═════ Information given

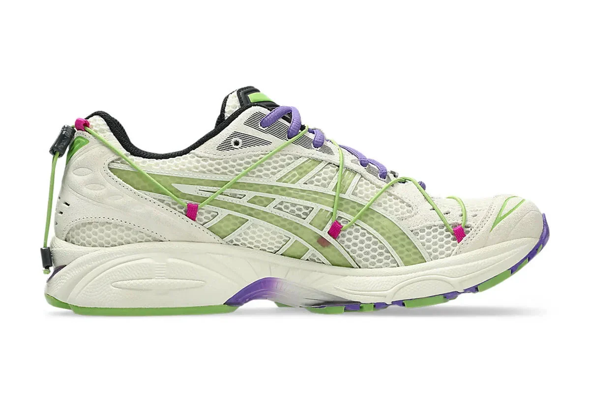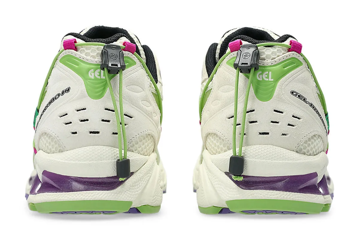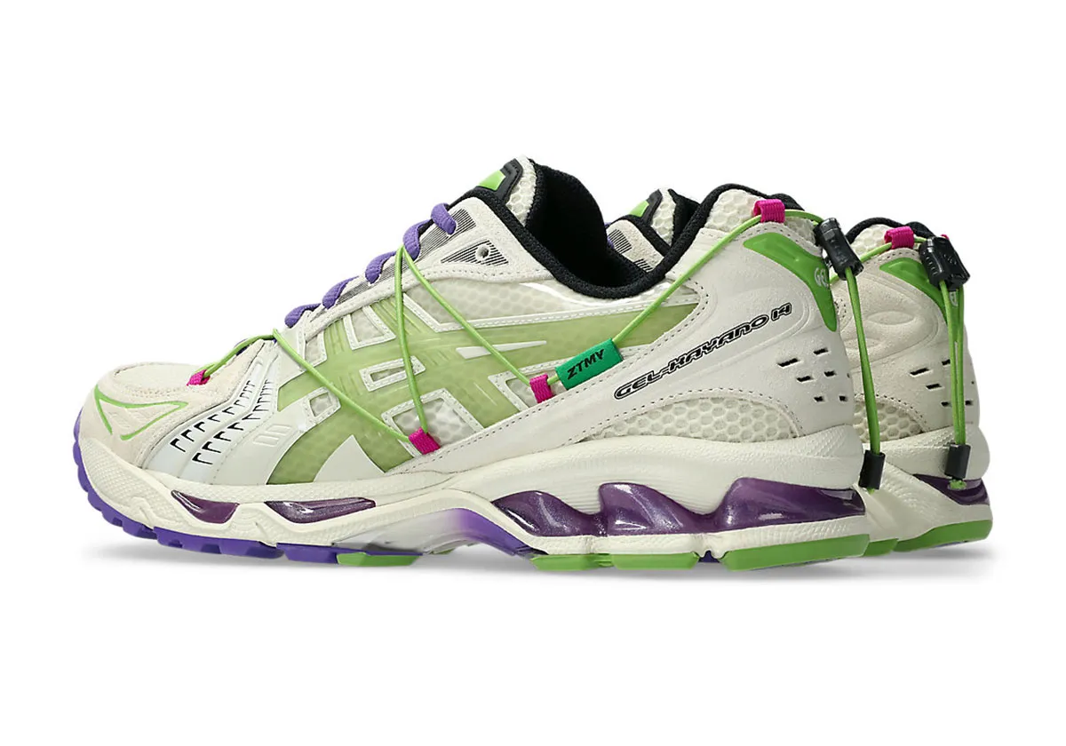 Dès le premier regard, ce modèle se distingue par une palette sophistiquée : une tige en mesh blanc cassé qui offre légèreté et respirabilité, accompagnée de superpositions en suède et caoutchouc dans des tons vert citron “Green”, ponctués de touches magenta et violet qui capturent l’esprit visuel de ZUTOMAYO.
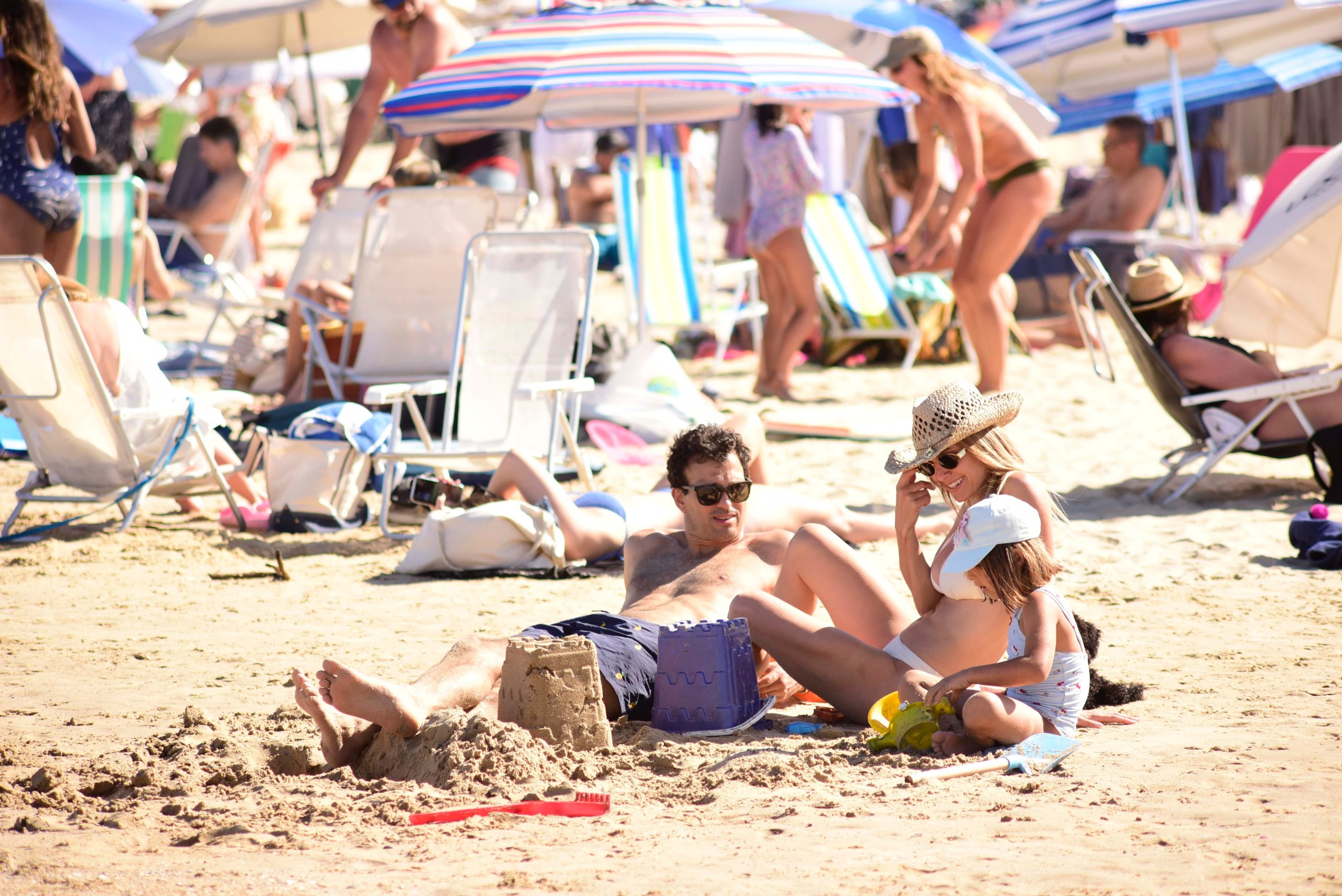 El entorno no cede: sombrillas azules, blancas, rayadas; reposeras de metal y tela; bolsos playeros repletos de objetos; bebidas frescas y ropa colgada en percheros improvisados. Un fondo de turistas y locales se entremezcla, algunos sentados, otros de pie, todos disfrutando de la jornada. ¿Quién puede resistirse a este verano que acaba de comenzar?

══════════
═════ Information given

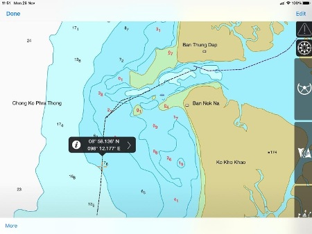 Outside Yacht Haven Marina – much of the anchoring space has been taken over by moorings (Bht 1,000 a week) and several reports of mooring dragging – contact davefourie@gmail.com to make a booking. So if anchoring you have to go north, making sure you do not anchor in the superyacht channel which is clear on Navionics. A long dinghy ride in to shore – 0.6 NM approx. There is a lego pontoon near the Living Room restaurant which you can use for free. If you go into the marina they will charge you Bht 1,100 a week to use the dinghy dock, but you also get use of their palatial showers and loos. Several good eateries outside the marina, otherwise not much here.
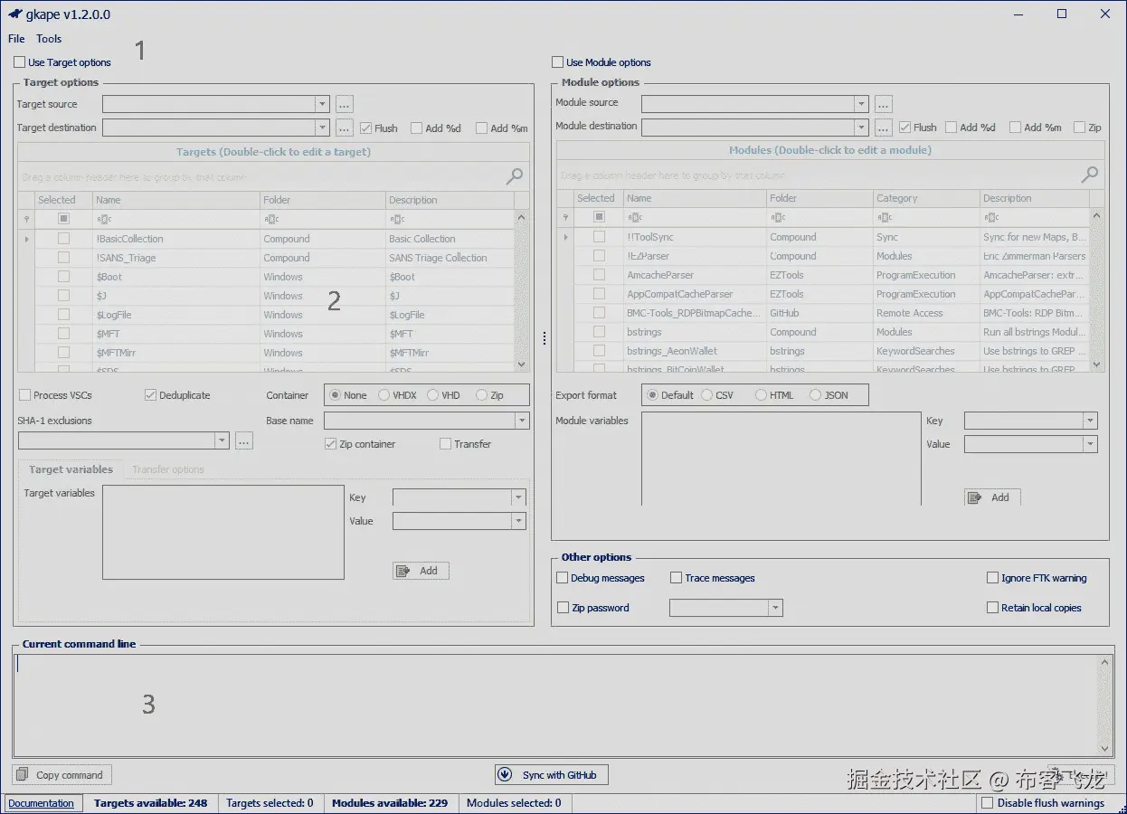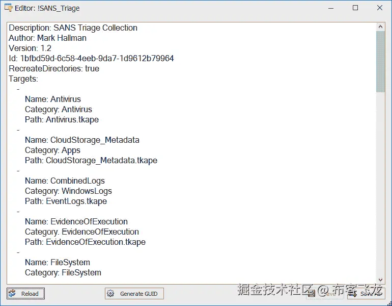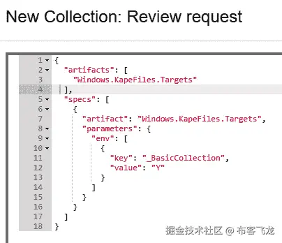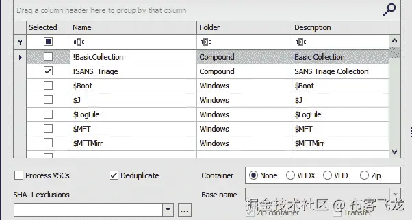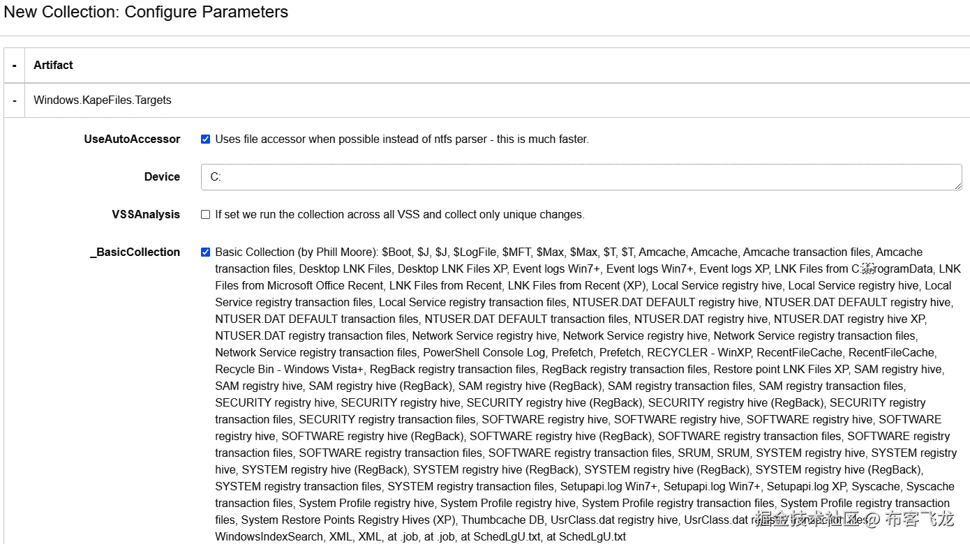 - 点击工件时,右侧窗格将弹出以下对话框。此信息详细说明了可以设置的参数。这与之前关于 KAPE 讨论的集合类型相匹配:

══════════

Exercise description:
The data above holds the lines to copy: start at the one with "Dès le premier", stop at the one with "El entorno no", include both, copy them exactly without pictures, and copy nothing else.

Expected answer:
 Dès le premier regard, ce modèle se distingue par une palette sophistiquée : une tige en mesh blanc cassé qui offre légèreté et respirabilité, accompagnée de superpositions en suède et caoutchouc dans des tons vert citron “Green”, ponctués de touches magenta et violet qui capturent l’esprit visuel de ZUTOMAYO.
 El entorno no cede: sombrillas azules, blancas, rayadas; reposeras de metal y tela; bolsos playeros repletos de objetos; bebidas frescas y ropa colgada en percheros improvisados. Un fondo de turistas y locales se entremezcla, algunos sentados, otros de pie, todos disfrutando de la jornada. ¿Quién puede resistirse a este verano que acaba de comenzar?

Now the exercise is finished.